With that let me have Dan, give you a little bit more color.
Yes. And again thanks Larry. Couple of comments it relates to withdrawals for 2009. In the first half of the year reflecting layoff we saw about $700 million up higher than normal member level withdrawals and the second half member level withdrawal actually kind of return to what we would call a normal level, third quarter of '09 member level withdrawals were about 2.5% points of beginning of quarter account balances in fourth quarter was 2.4%, so about to push during that period of time.
If we shift our attention in the contract level withdrawals they were better in the normal in 2008 talked about that in the past. In the later half of 2009 they actually picked up and there is number of reasons for that or addressing them in a number of ways, the first way in which we are addressing is adjusting our service model which enable us to be more competitive while maintaining pricing discipline on that block of business.
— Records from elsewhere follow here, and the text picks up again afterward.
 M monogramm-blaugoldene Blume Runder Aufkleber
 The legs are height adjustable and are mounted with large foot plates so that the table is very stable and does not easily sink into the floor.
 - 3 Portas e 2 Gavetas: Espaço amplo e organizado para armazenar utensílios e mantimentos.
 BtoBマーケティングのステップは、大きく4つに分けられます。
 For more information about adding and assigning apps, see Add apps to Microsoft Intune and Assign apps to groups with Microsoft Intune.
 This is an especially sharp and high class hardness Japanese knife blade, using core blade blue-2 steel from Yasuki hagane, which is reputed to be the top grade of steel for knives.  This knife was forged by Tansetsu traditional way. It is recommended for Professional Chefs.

The second is to aggressively push for enhancements to our Principal TPA Edge program offering third-party administration more choice and flexibility of servicing these clients. If we try to just normalize the fourth quarter results as we've discussed earlier the difference in large part between our historical loss and withdrawals for employers versus the fourth quarter is the difference of about 0.6% which equates to about $500 million during that period of time.
We did lose one large client nearly $300 million and we lost a stable value contract that would have been about  and so again when you start normalizing these results you can see that again we focus our attention back to our track new business and get recurring deposit going back and in the right direction.
Jimmy Buhler - JPMorgan
And any comments on whether the $1 billion in sales should get better form here for the next few quarters or not.
Certainly right now we are anticipating a relatively strong first quarter that number right now is estimated between $1.5 and $1.7 billion from what we know today perhaps a better way to start looking at pipeline. If we look at pipeline created in the month of January of 2009 that was $2.7 billion, if we look at that second timeframe for 2010 that number is now $3.6 billion. So nice improvement and created pipeline for just the month of January so it does feel like there is a few things loosening up that the advisors are getting the attention of plans sponsors to start having discussions around the plans.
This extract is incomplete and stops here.